WINTER ADVENTURES are in full swing, and as you pack jackets, pants, and gear for that upcoming trip, you're likely realizing it's time for an upgrade. Whether you're in the market for a new windbreaker, gloves, or sneakers, the bitter cold of winter is getting warmed up with a hot sale from Patagonia. The brand's trusty outdoor gear is on sale through both the Patagonia site and Backcountry, an online shop for outdoor apparel and gear. During these limited-time sales, you can score Patagonia gear for as low as 60 percent off.
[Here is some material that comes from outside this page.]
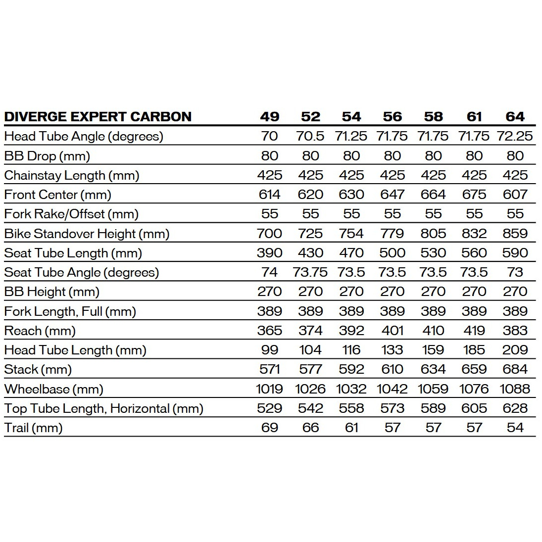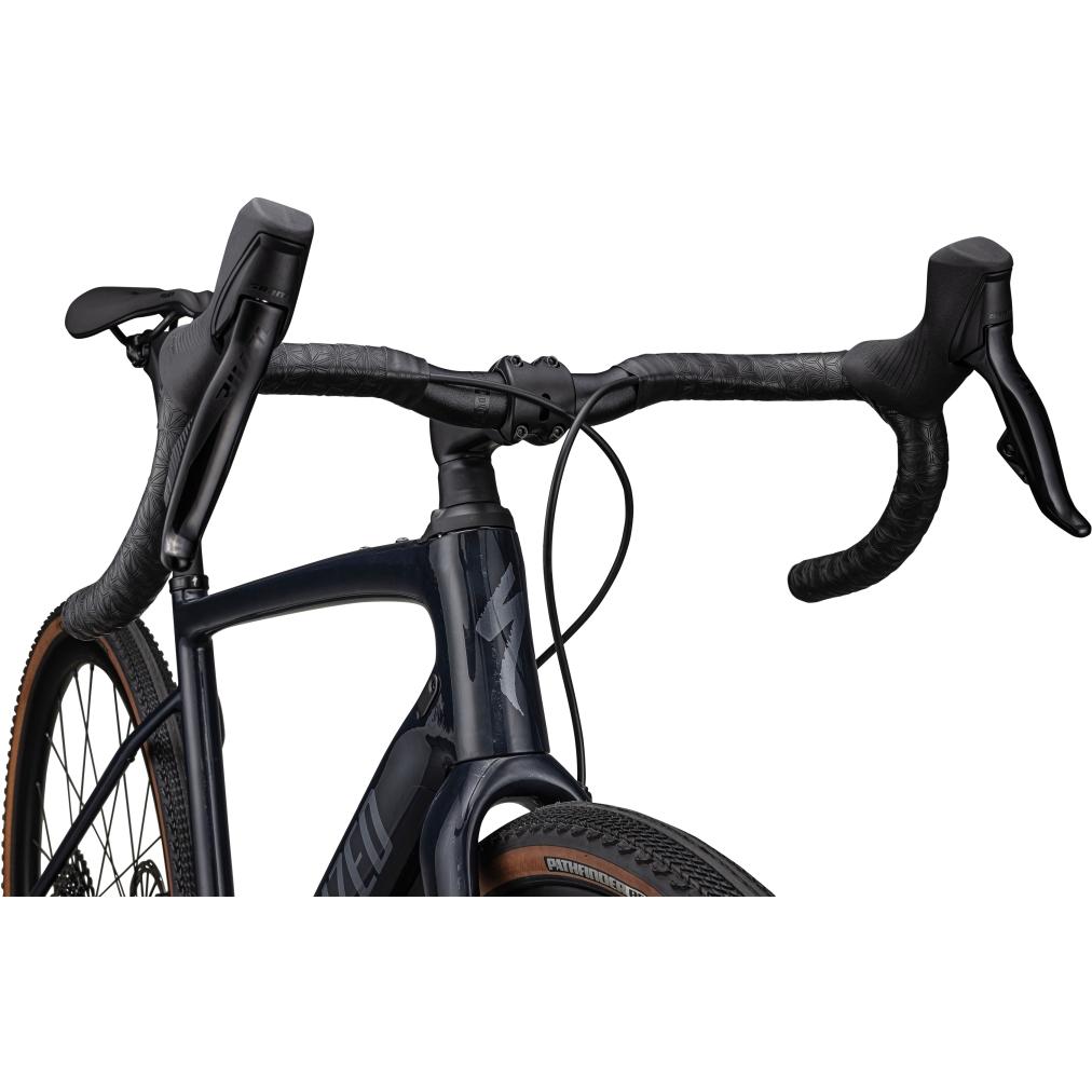 Fact Sheet of Specialized DIVERGE EXPERT – Carbon Gravel Bike – 2024 – gloss dark navy granite over carbon / pearl Product Name: Specialized DIVERGE EXPERT – Carbon Gravel Bike – 2024 – gloss dark navy granite over carbon / pearl Manufacturer: Specialized Bikes Item Code: SBC668134 activity: Cycling gender: men material: Carbon usage bikesport: Allroad / Gravel hubs: DT Swiss 370 spokes: DT Swiss Comp Race rims: Carbon Clincher, Tubeless Ready, 25-622 chain: SRAM GX Eagle cassette: SRAM NX Eagle shifter: SRAM RIVAL ETAP AXS rear derailleur: SRAM GX Eagle AXS bottom bracket: SRAM DUB BSA 68 chainring ratio: 40 crankset: SRAM Rival 1 brakes: SRAM Rival eTAP AXS wheels: Roval Terra C seat post model: Roval Terra Carbon, 20mm Offset saddle: Body Geometry Power Expert bar tape: Supacaz Super Sticky Kush handle bar: Specialized Adventure Gear Hover, 103mm Drop, 70mm Reach, 12° Flare stem: Future Stem Pro fork: Future Shock 2.0, FACT Carbon frame: Specialized Diverge FACT 9r Carbon, Future Shock, SWAT groupset: SRAM AXS (electronic) gear ratio: 11-50 number of gears – front: 1 shifting system: 12-speed shifting actuation: Electronic brake type: Disc Brake wheel size: 28" (622mm) seatpost: Seatpost rigid tires: Pathfinder Pro 2BR, 42-622 brake actuation: Hydraulic Model year: 2024 Collection: Full year Color: Black fork construction: Single Shock weight: 9250g manufacturer item code: 95423-3149 cable routing: internal Weight Source: Manufacturer Weighed Version: 56 Manufacturer page: http://www.specialized.com

We know and love Patagonia for its versatile, hardworking clothing that lasts. The brand sells outdoor gear, everyday apparel, and even bags and adventure equipment. While it's worth the full-price investment, it's nicer to buy the brand's signature items like puffer jackets, zip ups, and flannels during the sale season, so you can spend the extra cash on aforementioned winter trips.

Read more: Best After-Christmas Menswear Deals

Lots of items included in the sale are already running out of stock in certain sizes and styles, meaning you'll want to act fast if you're looking to stock up before your next trip. These sale prices also make great gifts for winter birthdays, late holiday gifts or to treat yourself to another year well done. Whatever (or whoever) you're shopping for, these on-sale finds are rare low prices you won't want to miss.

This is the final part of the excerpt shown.